Accubond vs. VLD


Active Member
Jul 17, 2008
First elk hunt (cow tag), gonna use either 6.5/284 or 7mm Rem Mag. Opinions on
using 140gr AB or VLD in 6.5/284 or 140 AB or 168 VLD in 7mm (assuming accuracy is equal in all rounds), which would you use?

Hi rolly,

Have you seen Tyson's Leal's post? He's put some serious hurt on huge boars with his 6.5x284.
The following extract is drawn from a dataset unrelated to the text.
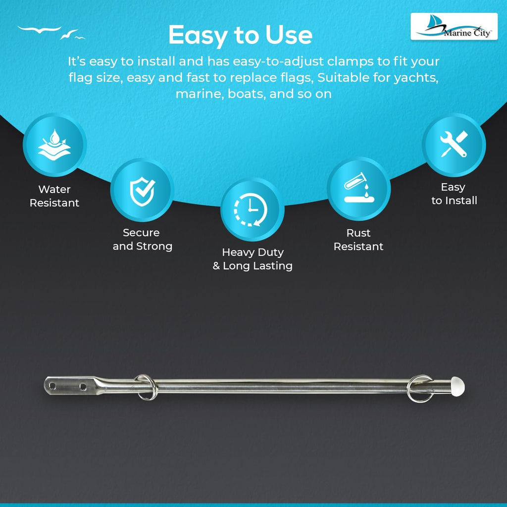 Equipped with black plastic clamps and split clips, the flag staff easily mounts on tubing ranging from 7/8" to 1", allowing quick adjustments for flag positioning. The sturdy pole ensures that your US flag flutters proudly, even at high speeds, making it perfect for yachts, boats, pontoons, RVs, and other marine vessels.

Both of your rifles will kill elk. So my advice is to use the one you're most comfortable.
My suggestion is to use the 7mm mag with the heavier bullet. If you can get 160 AB's those will do a great job. If it will shoot the 180 VLD's then you might try them. I have killed a deer and antelope with that bullet this year and it will do the job on a elk. The 140's in the .26 caliber will certainly kill elk. The .28 calibers are just a bit better at doing it. If you look at Broz's comments on this forum you'll see he thinks the .30 caliber and up are best in his opinion. The smaller the bullet the more perfect the position the elk should be in. I would not want to lose an elk.
In contrast a friend of mine has killed over 50 elk with a .270 and 130 gr partitions. Use what you can shoot well and put the bullet where it counts. Bruce
I've seen and killed a lot of elk with these combinations and I'd shoot a 6.5x284 and a 140 VLD, not a huge Accubond fan unless you get a lot of bullet behind the mushroom to keep it rolling, seen quite a number of them stop short on heavy hits because they can't get rid of the wide frontal area to keep penetrating.
I know more guys shooting the 6.5x284 with a 140 Berger one elk than I do a 7 Mag right now, they just do a great job with mellow recoil and better manners.
What is the max yardage an opportunity may present itself? I wouldn't hesitate with either to 500, however will echo the previous comments, if using a 7 Rem Mag, I'd get a box of the 168's to try or the new Hornady 162 ELD-X. At the end of the day, whatever you are the most comfortable with gets my vote.
Max range for this hunt 400yds. Could shot further but no need to. I can get as close as necessary. Haven't shot an elk yet but my 308 Accubonds have straight dropped ALL deer I have shot with them. Got the new gun (6.5/284) and really wanted it to be THE gun. That said I prefer to straight drop a critter and have heard the are extremely tough and one shot may not always do it. I just have ZERO experience with the caliber or bullet. The 7mm I have been using Hornady Superformance 139gr GMX and they have also done a great job on big northern whitetails.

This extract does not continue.